Jason> Logically, the two are the same; a class only has entries
Jason> in its vtable for functions it declares. The rest is just
Jason> sharing for optimization.
Yes -- but that's important, right?
I guess I'm not sure what it means to "logically" have a vtable; a
vtable is an extra-lingual construction. There are vtable entries for
any function in a class, or its primary bases.
>> I think your literal reading is correct though.
Jason> Meaning you agree that we can/should emit all thunks with
Jason> their functions?
We can, if we read it your way. But I think we trade away performance
when we do that, which was one of the major reasons for the whole
virtual-bases-can-be-primary thing. There seemed to me to be two
major benefits:
- Space (because we don't have to have another vptr)
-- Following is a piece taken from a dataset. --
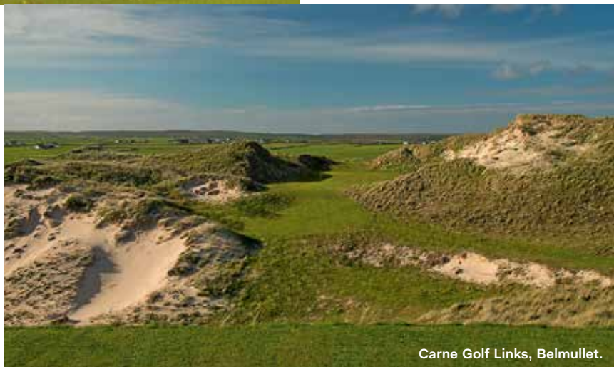
Carne Golf Links, Belmullet.

Medan vi åter vår Gammon Steak with cut chips går tankarna åter till 1974 – men den här gången till Hunstanton GC. Robert

- Time (because we don't have to convert to the virtual base to
do a virtual call)
You're proposing eliminating the second win, just to avoid emitting as
many thunks. But all the thunks are COMDAT and get smushed anyhow, so
what's the big deal? In the old ABI we generated lots more thunks
than we do now -- and even then thunk space was not a big deal for any
programs I was aware of.
>> *My* beef with the thunk generation scheme (as you know :-) )
>> was that we didn't just generate thunks everywhere, in COMDAT,
>> and then allow implementations to DTRT by generating an
>> overriding strong symbol. Bizarre SCO linkers aside, I still
>> like that solution best...
Jason> How about GNU linkers? I don't think we give priority in
Jason> linkonce resolution to an instance which happens to contain
Jason> a non-weak symbol.
I thought we did. But, if we don't, we could. :-)
It seems like a sensible enough construct. In lots of places you say
"this is what to do if nobody says anything definitive". In at most
one place, you're allowed to say "this is the definitive answer".
--
Mark Mitchell mark@codesourcery.com
CodeSourcery, LLC http://www.codesourcery.com